Remember the catchphrase “This is Your Digital Life” in the Cambridge Analytica scandal? Now Facebook faces another major backlash.
Over the weekend, the world was informed that Facebook had leaked the personal information of over 533 million users across 106 countries, including 32 million records in the US, 11 million in the UK and six million users in India.
The leaked personal information includes names, phone numbers, dates of birth, location data, Facebook IDs, biographical details and, in some cases, email addresses. The data had been published by a user in a hacking forum for free.
According to Facebook, the data was actually information that had been scrapped when the firm patched a vulnerability some time back in 2019, which involved the Cambridge Analytica scandal where 80 million users were targeted for political ads in the 2016 US elections.

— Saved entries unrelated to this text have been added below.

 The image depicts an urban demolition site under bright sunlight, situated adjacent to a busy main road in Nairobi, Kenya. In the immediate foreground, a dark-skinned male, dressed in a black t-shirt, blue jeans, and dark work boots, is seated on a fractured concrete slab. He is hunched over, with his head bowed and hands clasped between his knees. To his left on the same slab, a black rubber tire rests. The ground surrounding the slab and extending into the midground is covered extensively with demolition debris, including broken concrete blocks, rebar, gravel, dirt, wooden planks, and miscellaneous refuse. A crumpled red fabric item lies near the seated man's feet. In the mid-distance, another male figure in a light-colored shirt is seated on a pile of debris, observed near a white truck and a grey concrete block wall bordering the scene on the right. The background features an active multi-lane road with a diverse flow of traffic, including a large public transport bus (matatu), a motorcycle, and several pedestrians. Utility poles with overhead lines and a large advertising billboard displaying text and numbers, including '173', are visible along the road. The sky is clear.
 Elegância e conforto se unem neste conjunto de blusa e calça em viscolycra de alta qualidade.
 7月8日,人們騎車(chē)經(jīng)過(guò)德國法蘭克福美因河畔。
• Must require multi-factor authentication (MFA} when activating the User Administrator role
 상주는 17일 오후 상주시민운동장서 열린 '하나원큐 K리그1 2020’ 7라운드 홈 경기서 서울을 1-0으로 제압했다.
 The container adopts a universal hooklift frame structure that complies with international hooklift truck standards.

The excuse that the data is not current would come as no comfort to the hundreds of millions of people whose data are now being given away for free on hacker websites and the Dark Web. With just a bit of sleuthing, highly resourceful scammers and hackers can cross-reference much of the data with other sources and derive useful information that can be used for malice.

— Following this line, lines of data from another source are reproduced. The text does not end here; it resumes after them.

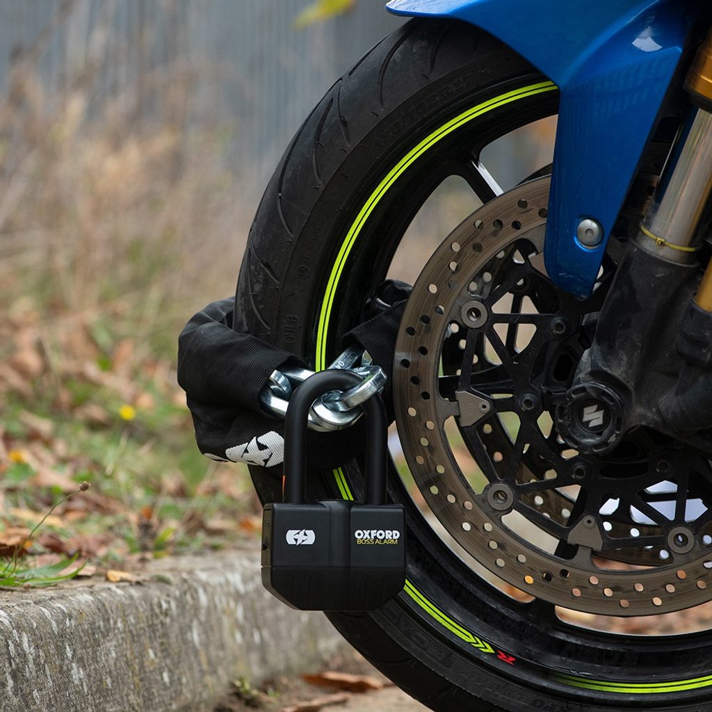 - nesilnější zámek s alarmem ze sortimentu Oxford v kombinaci s řetěžem o průřezu oka řetězu 12 mm
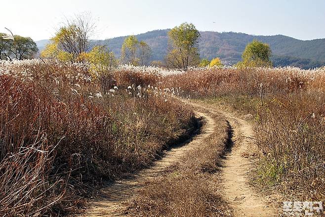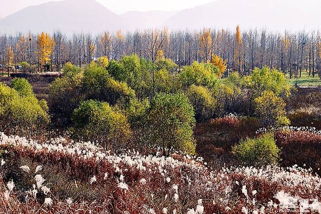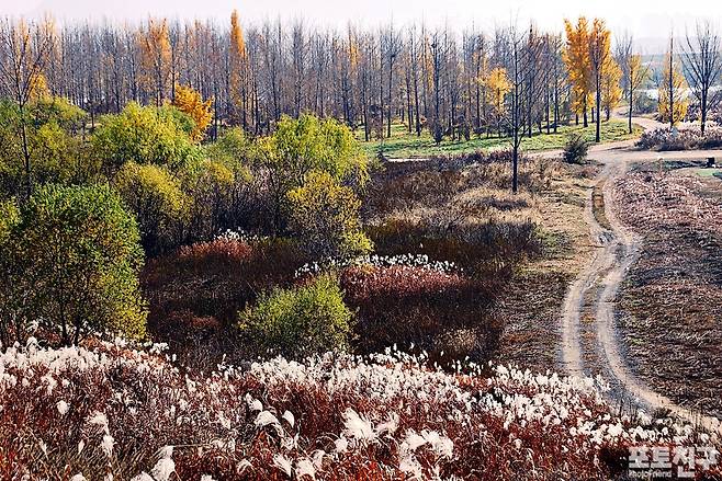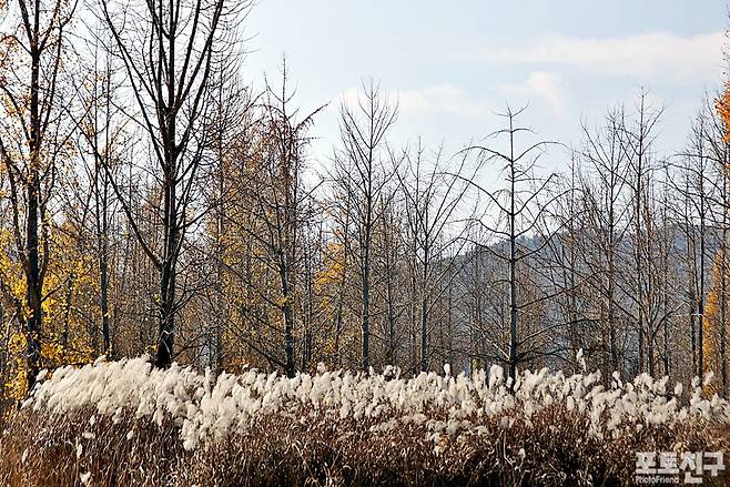 하얀 억새와 노란 잎 떨어진 앙상한 은행나무의 풍경이 눈길을 끄네요.
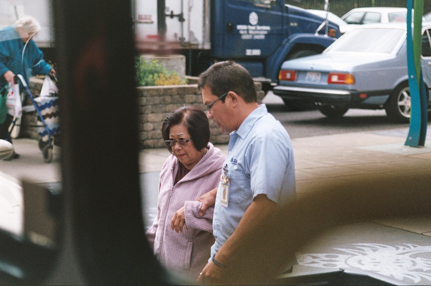 - Viewed through the windshield, Roland escorts a passenger to the van.
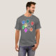 My 11 yo wore adult XL (5’7” 165#). The 8yo is small framed. She wore adult small and tied it in the back. Grandma wore adult large with long sleeve shirt underneath. Tall girl adult medium. Dark haired male adult large. Good quality dark Heather gray, Gildan brand shirt. -it was next up from basic choice and cost about $20 per shirt. Not too thick or thin. Washed and dried well, no major shrinkage. Not see-through. Can wear a bra under it fine. Screen print is just as shown and well done, front and back.

One cybersecurity expert from the Synopsys Software Integrity Group, Tim Mackey, said: “When your primary asset is data, that asset is going to be valuable to more than just you. If that data is stolen from one criminal enterprise, that criminal group might not protect their data and it could easily be stolen multiple times. Effectively, data security is only as good as the weakest link.”
The people most interested in keeping data secure are the data owners (us) and the businesses that are given access to that data. Mackey concluded: “We should limit the data we share to only what’s required, and hold those with whom we share our data accountable for its safe-keeping.”